Off the top of my head, it seems to me that, if degrees of freedom can
be considered roughly as the 'independent pieces of information' in the
model, I suppose that given the random choosing of your clusters
(villages), those 20 sub-groups are your only independent pieces of
information in your sample, and anything selected out of that
(sub-villages, then households) would be related, as they are in the
same cluster or PSU.
BUT, given the further sampling of households out of 'sub-villages' -
isn't this multi-stage sampling?  Stata can handle that as well, I
believe, although I haven't had cause to use it (yet).  I am not sure
how that would affect the degrees of freedom as Stata calculates it.

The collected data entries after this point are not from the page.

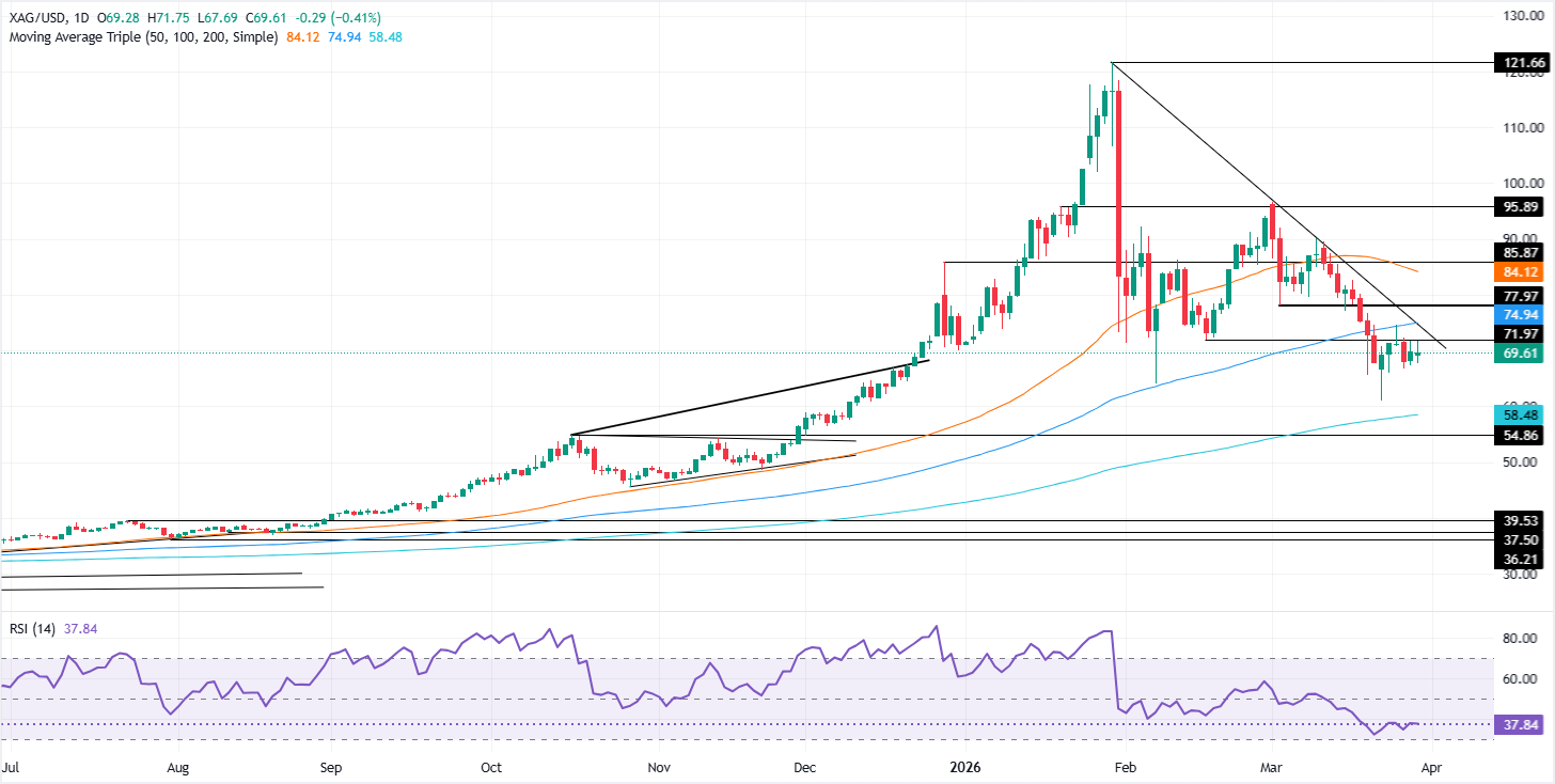 白银价格预测:白银/美元在70美元附近徘徊,受100日简单移动平均线限制
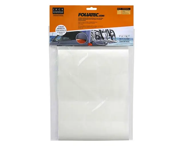 Foliatec beskyttelsesfilm er et gjennomsiktig og slitesterkt PVC-sett som beskytter bilens lakk mot riper og skader forårsaket av bakmontert sykkelstativ. Filmen kan også festes direkte på sykkelstativet for å redusere slitasje under transport og oppbevaring. Settet inneholder 10 selvklebende deler i ulike størrelser, tilpasset forskjellige overflater.
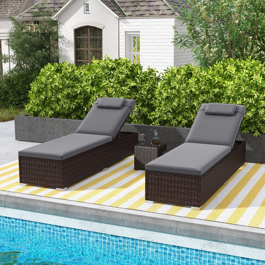 Outdoor PE Rattan Lounge Chair with 6-level Backrest and Comfy Seat Cushion-Grey
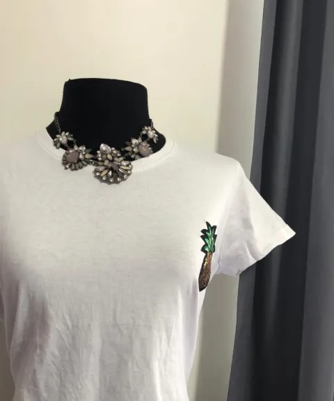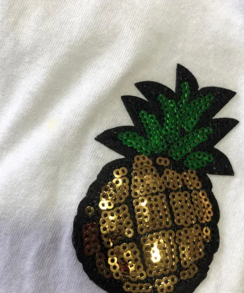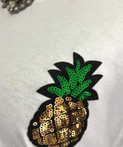 Playera con aplicación de piña en excelente estado, se coloca el precio mínimo pero esta playera está por paquete de tres piezas por el mismo precio

-----Original Message-----
From: owner-statalist@hsphsun2.harvard.edu
[mailto:owner-statalist@hsphsun2.harvard.edu] On Behalf Of Jennifer
Schmitt
Sent: September 3, 2009 1:48 PM
To: statalist@hsphsun2.harvard.edu
Subject: Re: st: RE: Survey design degrees of freedom help


My sample size is 489, but I only have 20 PSU, 3 Strata so my design df = 20-3-1 (for the constant). I have a stratified, clustered sample and so my design df are based off my PSU and are thus really low. I just do

not know know why this is the case (I have accepted that it is the case), but I can't defend that without knowing why (or maybe it is wrong, but everything in the FAQ and help sections online suggest it is correct). Thanks.

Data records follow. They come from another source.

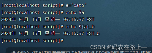 - 希望变量的内容是命令的解析结果时,要用反引号``,或者用$()把命令括起来再赋值。
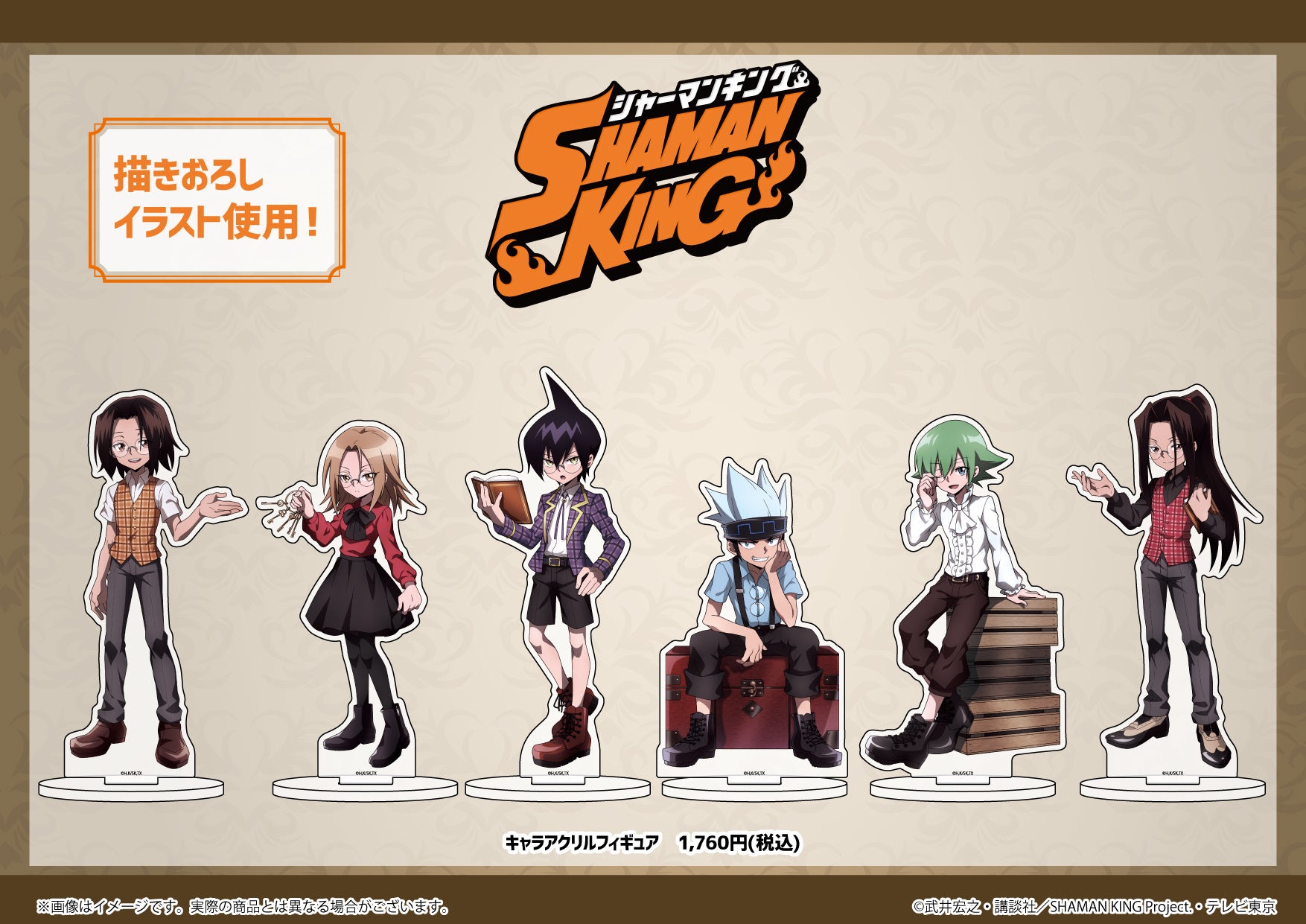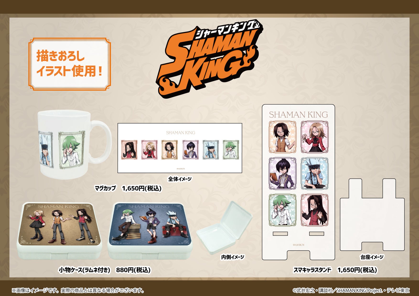 オンラインミュージアム開催にあわせてeeo StoreではTVアニメ「SHAMAN KING」の限定グッズをはじめ、たくさんの関連商品を販売しています。また、グッズを税込み2,200円以上ご購入の方には描き下ろしイラスト使用のポストカードの特典も。
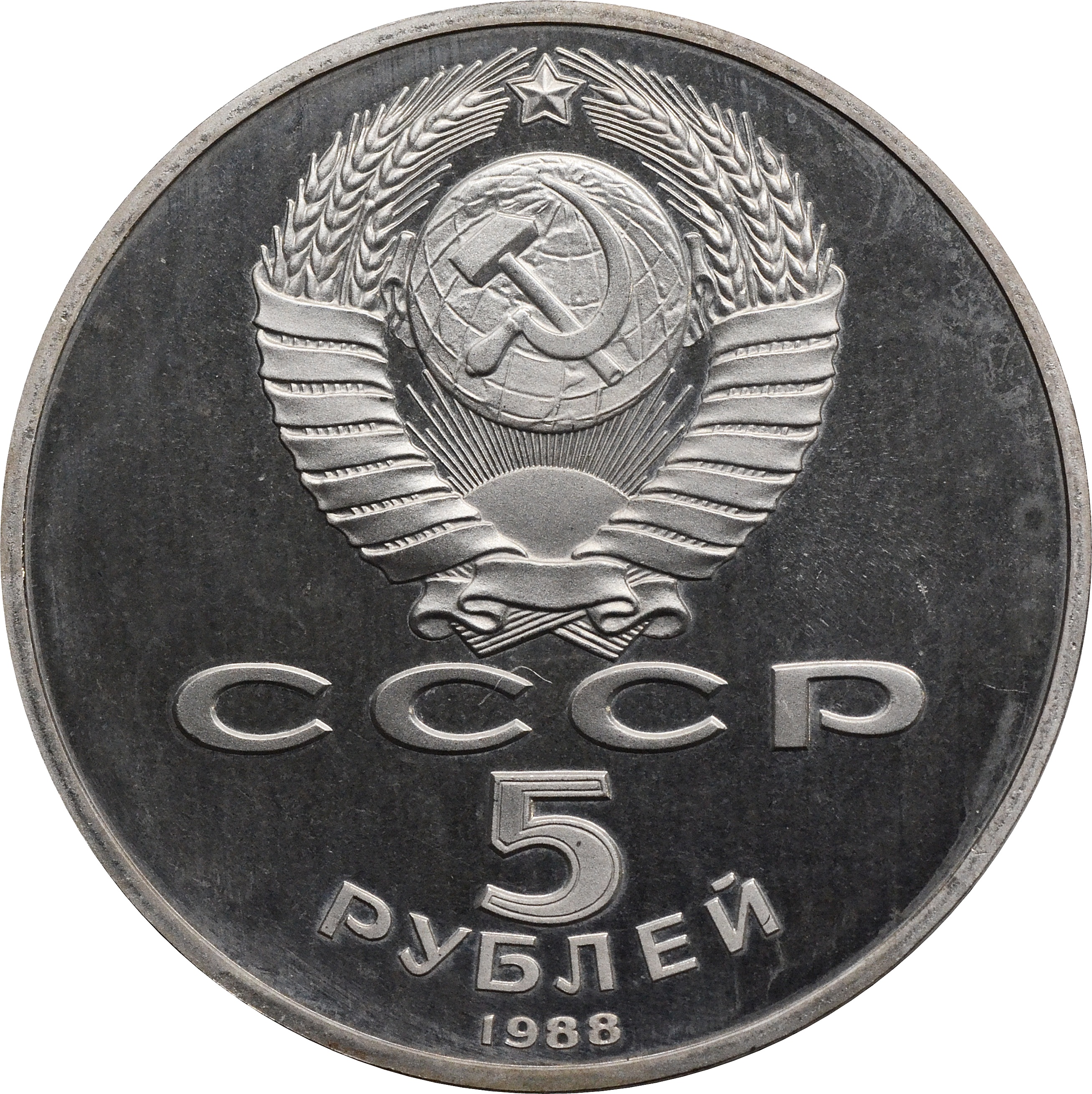 Аверс: в верхней части монеты изображен герб Советского союза с 15-ю витками ленты. Под ним содержится надпись: "СССР", разделенная пополам гербом. Снизу обозначение номинала в две строки: "5 РУБЛЕЙ", а ниже размещен год чеканки: "1988".
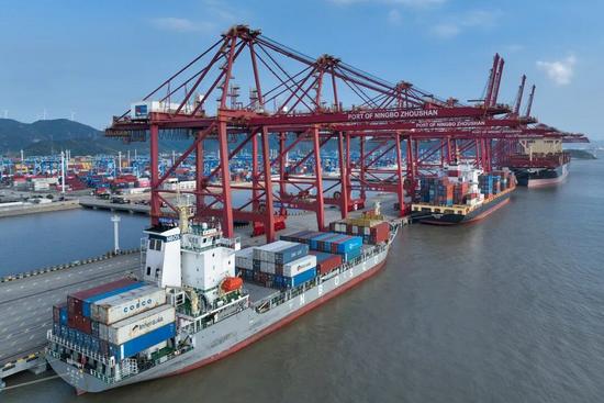 在寧波舟山港金塘港區(qū)大浦口集裝箱碼頭,船舶進行集裝箱裝卸作業(yè)。新華社發(fā)(鄒訓永攝)
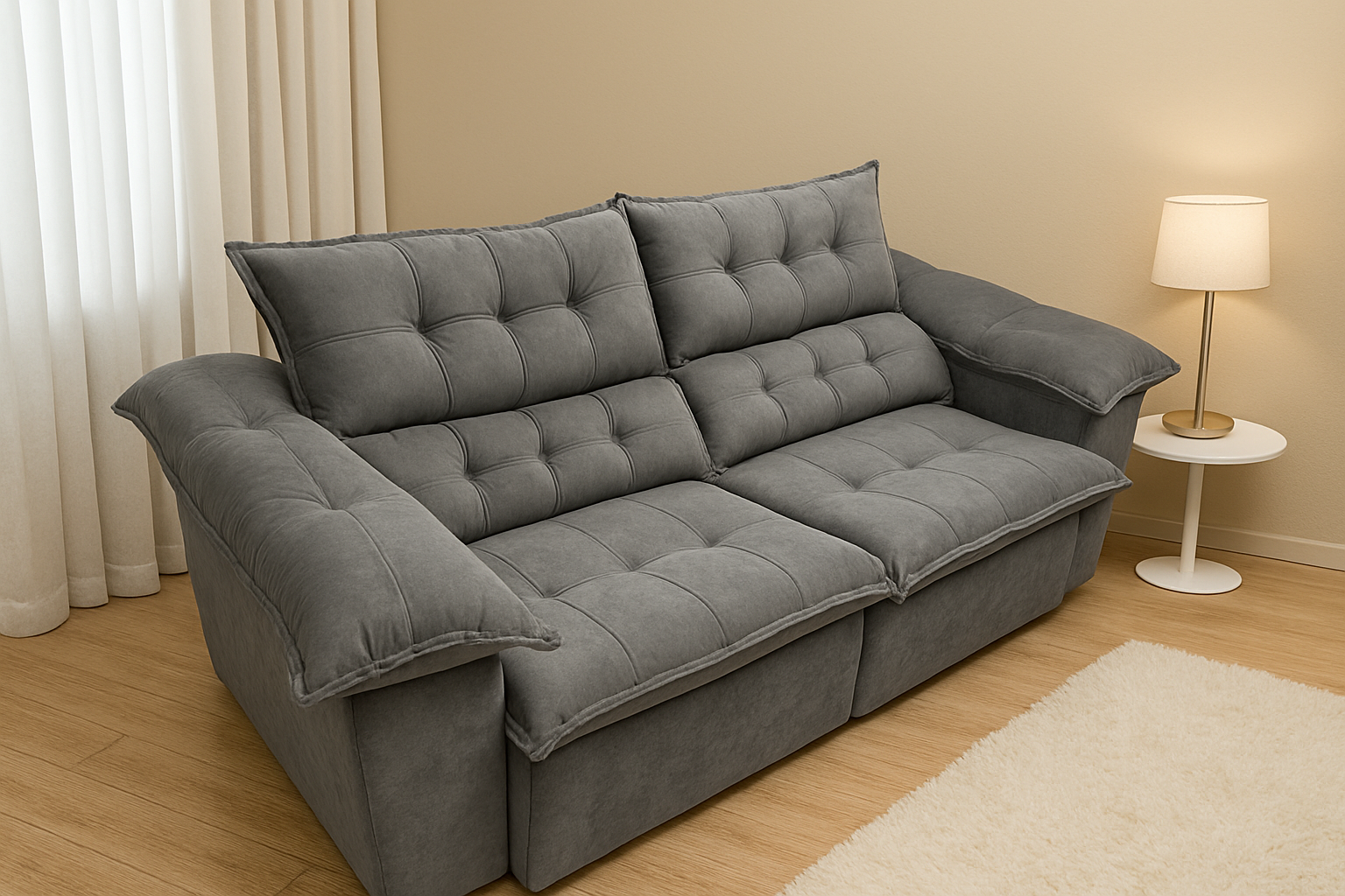 O Sofá Londres Retrátil é a escolha ideal para quem busca conforto, funcionalidade e elegância em um único móvel. Com design moderno e acabamento de alto padrão, ele se adapta perfeitamente a ambientes compactos sem abrir mão do conforto.

Andrew.Clapson@statcan.gc.ca wrote:
Your degrees of freedom are 16??
What is your sample size?

-----Original Message-----
From: owner-statalist@hsphsun2.harvard.edu
[mailto:owner-statalist@hsphsun2.harvard.edu] On Behalf Of Jennifer Schmitt
Sent: September 3, 2009 11:26 AM
To: statalist@hsphsun2.harvard.edu
Subject: st: Survey design degrees of freedom help


Hello everyone,
I need some important clarification about the design degrees of freedom for stratified clustered survey analysis. I have data that was stratified by three areas (NW, SW, and E). We randomly chose villages

from these three areas, then chose 5 subvillages within the village
and
within the subvillage we chose households (the unit of interest for my

analysis).  I am running logistic regressions with PSU = village,
strata
= area and probability weights.  My design degrees of freedom are 16
(PSU-strata-one for the constant term). I get that. What I do not understand is WHY and how to explain to others unfamiliar with STATA that it is correct, any answers to this would be greatly appreciated.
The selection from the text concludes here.